**Your objective**
Print the lines below from the line with "Delantal largo estilo" to the line with "HG系列線性滑軌,為四列式單" exactly, keeping both ends, and print no pictures.

Stored dataset items

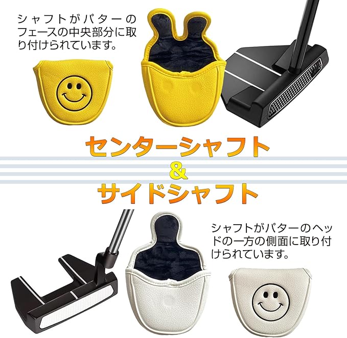 ゴルフ ヘッドカバー クラブ カバー ドライバー Eighteen Golf 440cc 460cc ウッド ユーティリティ UT カバー パター カバー 防水 おしゃれ スマイル模様
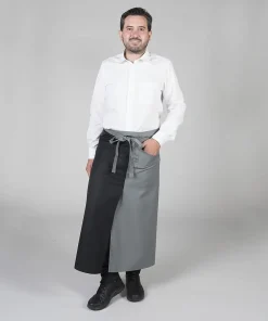 Delantal largo estilo francés con combinación de dos colores ideal para uniforme de camarero en bares, restaurantes y cafeterías, chefs o comercio en general.
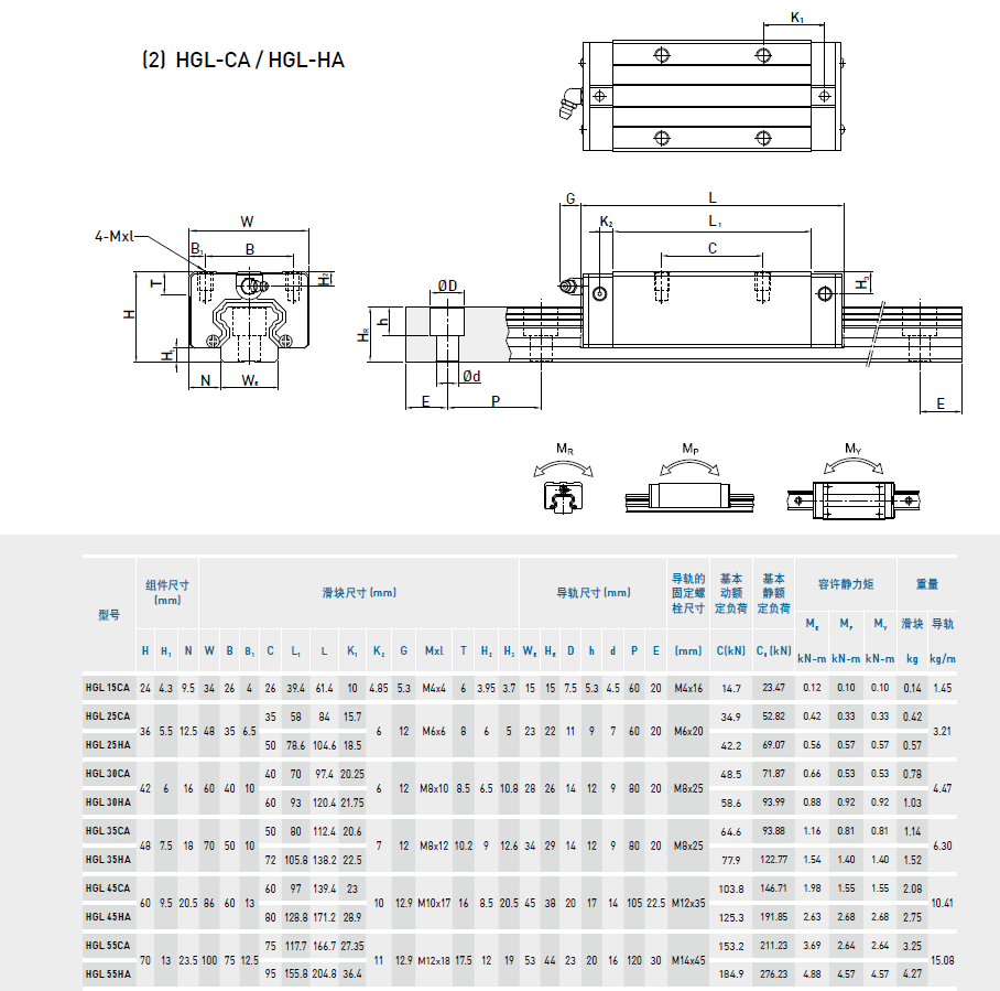 HG系列線性滑軌,為四列式單圓弧牙型接觸線性滑軌,同時整合最佳化結構設計之重負荷精密線性滑軌,相較於其他之線性滑軌提昇了負荷與剛性能力;具備四方向等負載特色、及自動調心的功能,可吸收安裝面的裝配誤差,得到高精度的訴求。高速度、高負荷、高剛性與高精度化概念已成為未來全世界工業產品發展的趨勢,HG系列線性滑軌,即為基於此理念開發之產品。
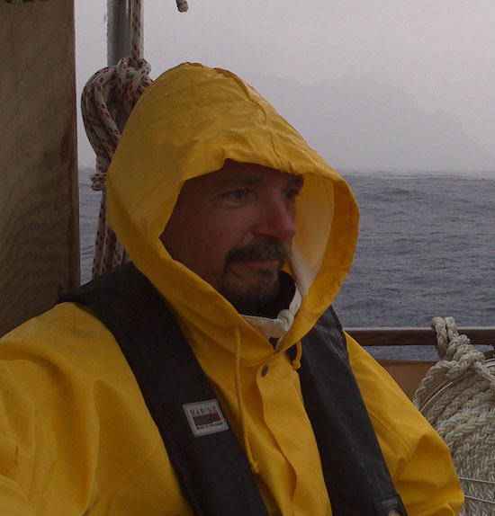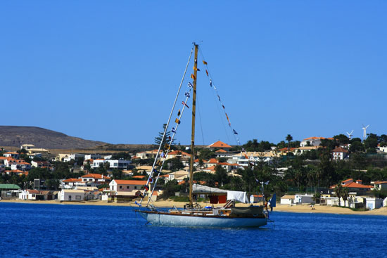Reilun viikon purjehduksen jälkeen selviämme kuitenkin Kap Verdelle. Sää on koko matkan ajan hyvä, myötätuulta 10-14 m/s ja aallotkin myötäisiä tai sivumyötäisiä. Puolimatkan paikkeilla aallot ovat todella ISOJA, noin 5-6 metrisiä (ei pelkkää aistiharhaa), mutta hienosti Panthera seilaa aallokossa parhaimmillaan 11 solmun vauhdilla. Autopilottiahan emme saa toimimaan koko matkan aikana. Pari päivää pystymme purjehtimaan tuuliperäsimen avulla korjaten käsin vain ääripäitä, kunnes tuuliperäsimen yhden kannakkeen hitsaus murtuu ja koko peräsin jouduttiin nostamaan ylös merestä, mikä ei keskellä yötä vellovassa meressä ole suinkaan mikään helppo tehtävä Juhalle. Viimeiset kolme vuorokautta vuorottelemme ruorissa ohjaten käsin, ei tarvitse miettiä muuta ajanvietettä, joko ohjaa tai nukkuu. Satelliittipuhelin irtisanoutuu ainoasta tehtävästään, joka sillä on, eli se ei saa enää yhteyttä satelliittiin. Meillä ei siis ole enää yhteydenpitovälinettä eikä säätietojen saanti mahdollisuutta. Sääennusteenhan me olimme ottaneet lähtiessä ja toteutuman näemme edessämme, suurin huolemme on läheisten huolestuminen, kun lupaamiamme viestejä ja sijainteja ei tulisikaan.
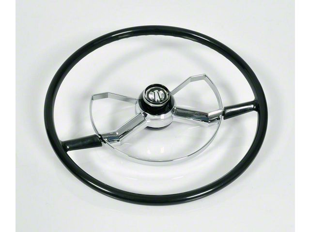 Replacing your cracked original steering wheel gives your 1950, 1951 or 1952 Chevrolet a showroom new look. Eckler's Early Chevy offers a great reproduction butterfly steering wheel kit for your classic. The black wheel kit comes complete with horn ring and center cap. The 17 1/2" diameter mimics the original and will give your interior a fresh new look. Trust Eckler's Early Chevy for all your 1950, 1951 or 1952 Chevrolet restoration parts needs.
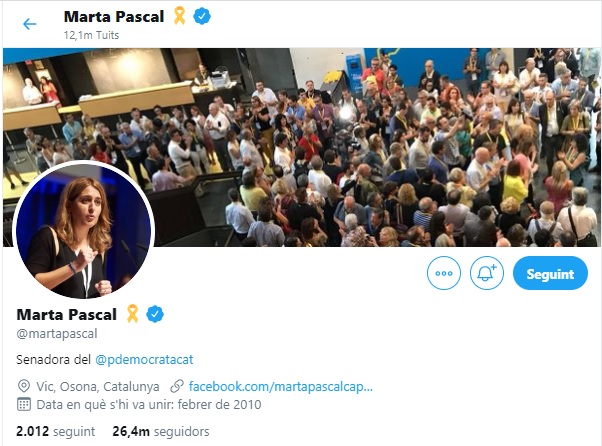 Un detall la delata, en el seu perfil de twitter diu ser senadora del PDECAT, i va ser JxCat qui la va proposar senadora autonòmica, suposo que a hores d’ara deuen pujar-se per les parets al grup parlamentari de JxCat desprès d’escoltar-la ahir al FAQS.

**Task result**
 Delantal largo estilo francés con combinación de dos colores ideal para uniforme de camarero en bares, restaurantes y cafeterías, chefs o comercio en general.
 HG系列線性滑軌,為四列式單圓弧牙型接觸線性滑軌,同時整合最佳化結構設計之重負荷精密線性滑軌,相較於其他之線性滑軌提昇了負荷與剛性能力;具備四方向等負載特色、及自動調心的功能,可吸收安裝面的裝配誤差,得到高精度的訴求。高速度、高負荷、高剛性與高精度化概念已成為未來全世界工業產品發展的趨勢,HG系列線性滑軌,即為基於此理念開發之產品。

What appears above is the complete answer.